## About this task
Leave out the pictures, then output the lines of the records below from the first through the one containing "Suburban street with".
══ Extracted material ══
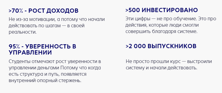 Юлия Червякова утверждает, что студенты ее «Академии Финансов» смогли успешно инвестировать деньги и добиться успеха, но это всего лишь слова. Никаких реальных кейсов наставница не предоставляет, личности клиентов не раскрывает.
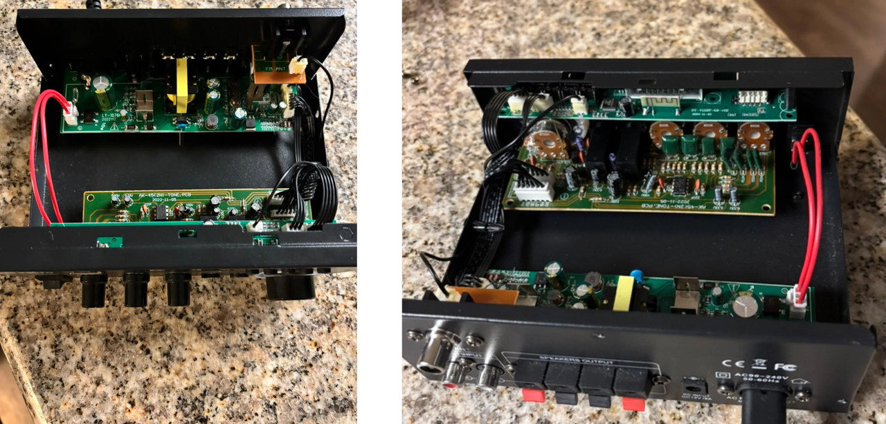per quello che costa l'idea artigianale va più che bene. di rele' non c'è ombra (o di circuito antibump) perché l'ak 45 è basato su un chip TI serie tpa3116 che incorpora internamente tutto il circuito per evitare pop on e off; inoltre lo stesso chip ha anche limitazione termica e di corrente e protezione da corto circuito. Fornisce 2x50 W su 4 Ohm al 10% thd+n con soli 21V (tensione singola). Più realisticamente metà potenza allo 0.1%. Può fornire 2x15W senza alettatura.
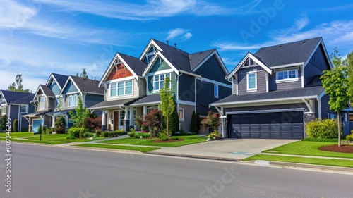 Suburban street with row of modern houses and manicured lawns under clear blue sky
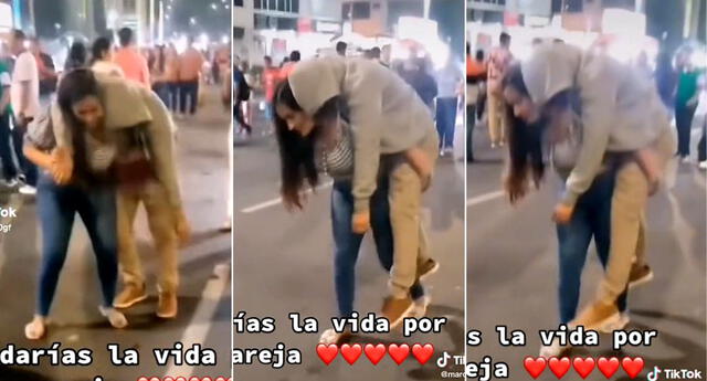 Un particular video está dando la hora en TikTok y es que en este se pude ver cómo una chica carga a su novio en la espalda porque este no podía ni pararse tras 'pasarse de copas'. La escena fue captada por un transeúnte que estaba caminando en la calle y se volvió tendencia en la red social.
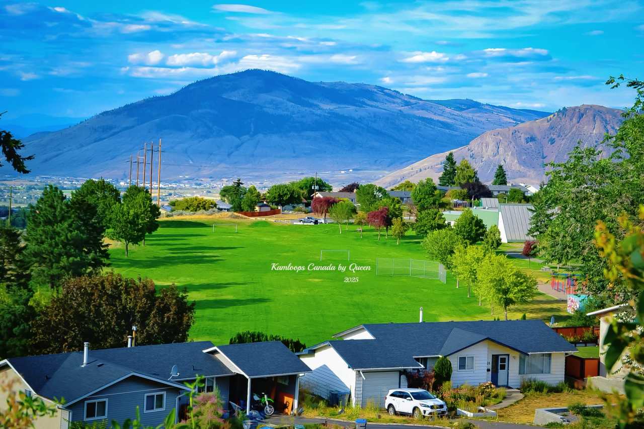 Kamloops is the "Sunshine City" of British Columbia. I didn't go into the city to check in, just rested in the hillside villa area outside the city. In the evening, sunlight falls from the west, the entire community is quiet and tidy, with gardens and neat lawns in front of the houses exuding a leisurely life atmosphere. Standing at the top of the slope looking out, the whole Kamloops unfolds: the winding river like a silver belt flows through the city, and the valley glows with a soft golden pink in the sunset.
═══
## Solution below
 Юлия Червякова утверждает, что студенты ее «Академии Финансов» смогли успешно инвестировать деньги и добиться успеха, но это всего лишь слова. Никаких реальных кейсов наставница не предоставляет, личности клиентов не раскрывает.
per quello che costa l'idea artigianale va più che bene. di rele' non c'è ombra (o di circuito antibump) perché l'ak 45 è basato su un chip TI serie tpa3116 che incorpora internamente tutto il circuito per evitare pop on e off; inoltre lo stesso chip ha anche limitazione termica e di corrente e protezione da corto circuito. Fornisce 2x50 W su 4 Ohm al 10% thd+n con soli 21V (tensione singola). Più realisticamente metà potenza allo 0.1%. Può fornire 2x15W senza alettatura.
 Suburban street with row of modern houses and manicured lawns under clear blue sky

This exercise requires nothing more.